Gemmell met Lauren Stewart, now his partner in business and life, when she was helping Scott out with his own drinks business. With a second child, it was time for another change. “I didn’t know what to do, whether to buy another bar or what, but I was already doing some consultancy, so Jason said, ‘Why don’t you take the name and start up here?’” he recalls.
In September 2014, the couple launched The Drink Cabinet UK. A business started with just the two of them has grown to a team of 22, covering events, brand development, and creative, digital, social and experiential marketing. “The big advantage for starting a drinks agency was that I’d worked on the client side, and I’d seen so many agencies who didn’t get it, as well as some that were just so fantastic,” Gemmell says. “But I could not have done this without Lauren. She’s an incredible human being, she’s an absolute juggernaut when it comes to keeping me on track.”
Growth was organic and opportunistic: Gemmell took chances as they came along, using his understanding of the drinks industry as a springboard into executing in related areas. “I surround myself with young creative people – we’ve got loads of young designers from different backgrounds,” he says. “I think if you get too surrounded by the drinks industry you can get a bit caught up in that, a bit tunnel vision: I like to have people who can look into different areas.” Today, their impressive client list includes Glenfiddich and Macallan.
As he matures, Gemmell is also keen to give back, primarily by providing other less privileged Scots with a route into the world of hospitality. Alongside Stuart McCluskey (The Devil’s Advocate), Mike Aikman (Bramble) and Graham Suttle (Kained Holdings), he co-founded The 100 Scots, a platform to celebrate Scottish food and drink and inspire a new generation of Scottish hospitality professionals.

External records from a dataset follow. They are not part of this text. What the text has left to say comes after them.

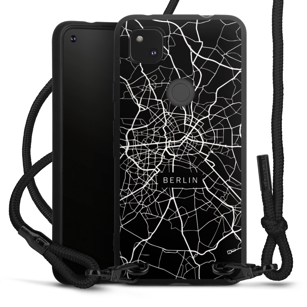 The matt black silicone case is made of flexible TPU (thermoplastic polyurethane) and offers robust protection. The durable, unbreakable material makes the cover flexible and dimensionally stable at the same time. The matte surface makes your design stand out more and is less susceptible to fingerprints and dirt. The stylish trend accessory fits comfortably in the hand and is perfectly complemented by the fabric (polyester) mobile phone strap. The braided fabric strap is approx. 1.70 metres long with a diameter of approx. 0.5 cm. Due to the special knotting technique, the length of the strap can be adjusted by simply pulling it, so that you can adapt it individually to your wishes. The practical case to wear around your neck is available with the fabric strap in black. As a little icing on the cake, we have provided the strap with a chic metal fastener in matt black. The strap is securely fastened to the case with loops made of high-quality genuine leather and press studs. The ends of the fabric strap are covered with metallic end caps and thus protected from fraying.
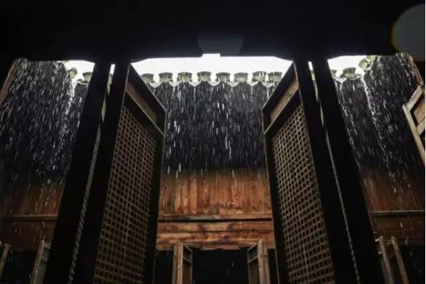 徽州的民居建筑,在高大的馬頭墻內(nèi),天井是古民居的一個(gè)特色,上可見(jiàn)天,下可排水,采光通風(fēng),江南多雨時(shí)雨水沿水梘流向屋內(nèi)下道(明堂),俗稱四水歸堂,寓意為聚斂財(cái)氣。
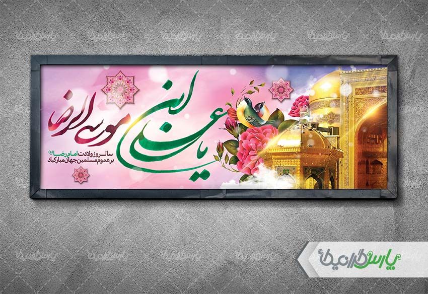 همانطور که در تصویر مشاهده می کنید ، بنر ولادت امام رضا بصورت افقی و با زمینه صورتی طراحی شده است.
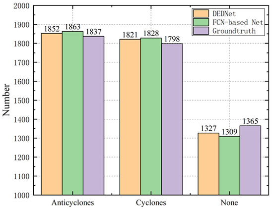 Figure 7 depicts the numbers of anticyclones, cyclones, and none eddies detected by the ground truth, FCN-based eddy network, and DEDNet. The numbers of the anticyclones and cyclones are similar, say about 1800, and that of the none eddies are about 1300. The statistical data imply that the offshore submesoscale eddies occur in the Taiwan strait with a relatively high frequency. The decision by the ground truth algorithm is stricter, which requires that the eddies’ twist degrees exceed a specific threshold and the eddy shapes are complete. Therefore, the difference between the network-based detection method and the ground truth algorithm mainly originates from two cases. The first is that several streamlines surround each other in the flow chart, but the twist degree does not reach the threshold. The network-based eddy detection needs more reasonable data to approach the threshold. Therefore, part of no eddies is mistaken as eddies. The second case is that some eddies are just located near the boundary of the observation region. Only part of these eddies can be seen in the flow chart, while other parts are out of sight. Due to the incomplete shapes, they are not able to be detected as eddies by the ground truth algorithm, and are counted into the category of no eddy. However, the network-based eddy detector can regard them as eddies due to the abstract eddy features. The network-based detection may miss a small number of eddies, but it can recognize a few more incomplete eddies. Therefore, the network interprets more eddies than the ground truth.
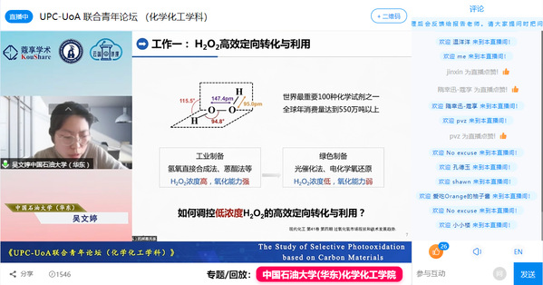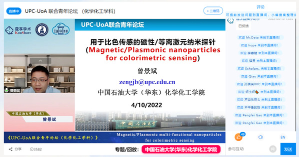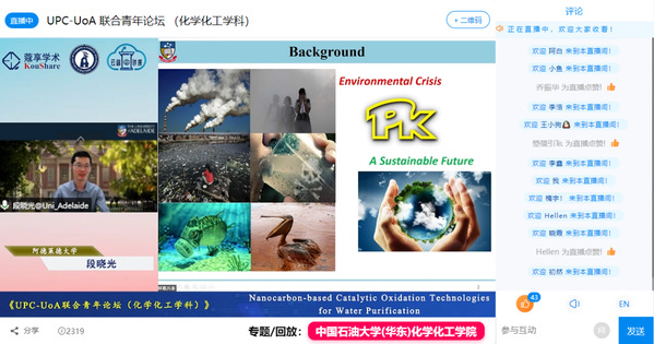 4月10日下午,学院联合联合阿德莱德大学化工学院共同举办了化学化工学科青年学者联合论坛。本次论坛依托学院“云端讲座”平台进行全网直播,累计吸引近5000人在线关注。
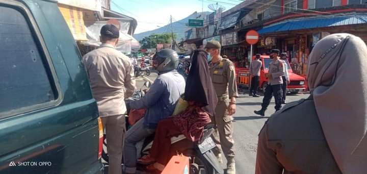 Tim gabungan yang terdiri dari Satuan Polisi Pamong Praja dan Pemadam Kebakaran (Satpol PP Damkar), TNI, Polri dan BPBD Kesbangpol ini, merazia warga yang tidak menjalankan protokol kesehatan (prokes) terutama yang tidak menggunakan masker.

“One of our big movers was that a young guy in the East End of Glasgow would never think of settling behind the bar or becoming a waiter: in the UK it’s something you’d do as a part time job at uni,” Gemmell says. “We work with a company called the School of Hard Knocks. Some of these kids have been through hellish times, and we try and give them inspiration for things they could do with their lives.”
Never one to rest on his laurels, Gemmell collects the keys to a new bar next Friday, right across from the Barrowland Ballroom, one of Glasgow’s best-known music venues. “It’s not necessarily going to be a cocktail bar, it’s just going to be a great bar,” he says. “It’s going to be closed during the day, and a lot of work we’re doing getting young people into hospitality will be done from there: we’ll be engaging with local schools.”
All in all, it’s not a bad outcome for a career-ending injury. But then, even growing up in Greenock, Gemmell always knew he was destined for something else. “I always had illusions of grandeur: growing up, I always thought I was better than everyone else, because they wanted to settle down and just have a life in Greenock, and there was no way that was going to happen,” he says. “I’ve always been absolutely confident in what I can achieve when I settle down to something: it’s just being able to channel that.” And with The Drink Cabinet UK, it looks as though he has.